30 October 2013

The Horniman Museum, Forest Hill, Lewisham

IN 1901 BY
Frederick John Horniman (1835–1906) inherited his father John Horniman's firm, which towards the end of the 19th century was the largest tea business in the world. Frederick travelled the world collecting various specimens of natural history or cultural objects, his stated purpose being to 'bring the world to Forest Hill'.
The mosaic is Humanity in the House of Circumstance, designed by Robert Anning Bell. From the left, the figures represent Art, Poetry, Music, and Endurance; the central figure represents Humanity, with Love on the left and Hope on the right; then come Charity, Wisdom, Meditation (seated), and Resignation. The door on the left represents Birth, the door on the right Death.
The museum, in the Arts and Crafts style, was built by Charles Harrison Townsend, who also designed the Bishopsgate Institute and the Whitechapel Art Gallery.
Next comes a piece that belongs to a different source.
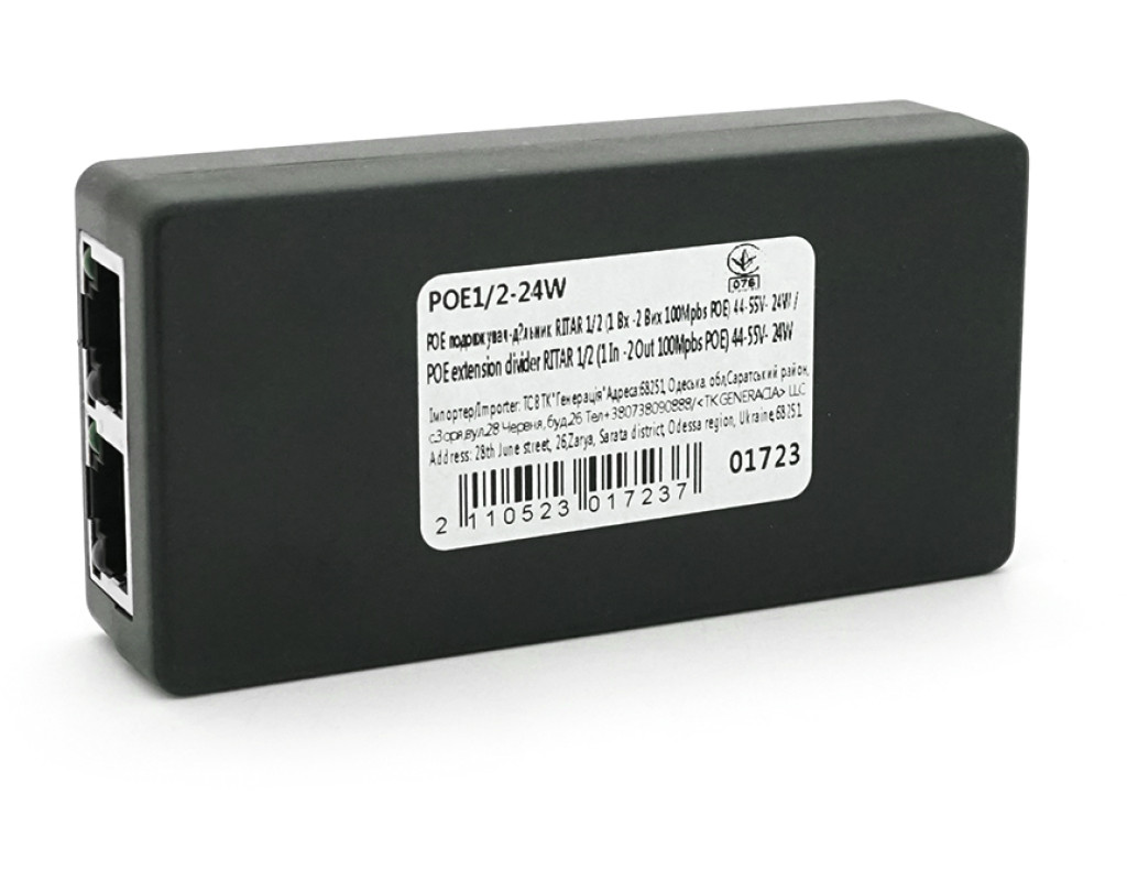 | PoE подовжувач-ділитель RITAR 1 / 2 ( 1 Вх -2 Вих 100Mpbs POE ) 24W Пристрій використовується для розгалуження з одного джерела (POE Комутатора або Інжектора) на 2 камери 1х10 / 100M вхідний порт POE + 2х10 / 100M PoE вихідний порт Пристрій живлення стандарту IEEE802.3af / at Збільшення відстані передачі до 100 метрів. Вхід: 44-55V 0.5A Вихід: 44-55V 0.25A Робоча температура ; -30 ~ + 60 ° C |

Just an indication of the size of the place.
The Conservatory.
(As a point of interest, Annie Horniman (1860–1937), the daughter of Frederick and Rebekah (née Elmslie) Horniman, founded the Gaiety Theatre in Manchester, noted for what became known as the Manchester School of playwrights (e.g. Harold Brighouse, Stanley Houghton, Allan Monkhouse, etc).)


Anonymous said...

just by chance! Looked at your photographs - many good memories of Horniman's Museum - and park, from earliest childhood with my mother (1940s). Beginning with a bus stop (I think 185/176/12) - and wooden chalet/sweetshop a little way downhill from the entrance. (honeycomb 'crunchie bars', kit kats, pear drops & tizer) There was a kind of Japanese garden before the Museum - with tiny waterfalls, streams, stepping stones, rocks and flowers - with huge dragonflies/butterflies. I can see mind-images with sun/shadows and hear the bees and birds still. Maybe Everyman remembers the walrus in his glass case - with a patch on his bottom - and the 'apostles' clock - with judas who turns the opp. way to all the others, the glass beehive, the sound of museum silence, etcetc - but I had forgotten the mosaic and the architecture till I saw these images. Thank you for posting them.

Dr Tony Shaw said...

What a lovely comment: enough to make anyone what to go there! Many thanks for this.

Pat Bunce nee Hart said...

I too remember the beautiful waterfall garden which is no more. So sad. Bulldozed to create disabled access.
I used to visit Horseman's Museum & garden via the 185 bus from my home in Montem Rd. That was in the 1950s.
I remember the bees in their hive with a glass front so one was able to view them at work.
I also remember "the torture chair" which filled me with horror. I believe it's still there. There was a programme on BBC TV many years ago which was about the museum & they said that the torture chair was a fake. I was relieved that was the case as I hated to think of people suffering in it.
The waterfall garden tho' was my favourite place. It was on a child's scale, skipping along the narrow paths, across little bridges with the water trickling below.
Suddenly I recall the Apostles' clock, forgotten till now!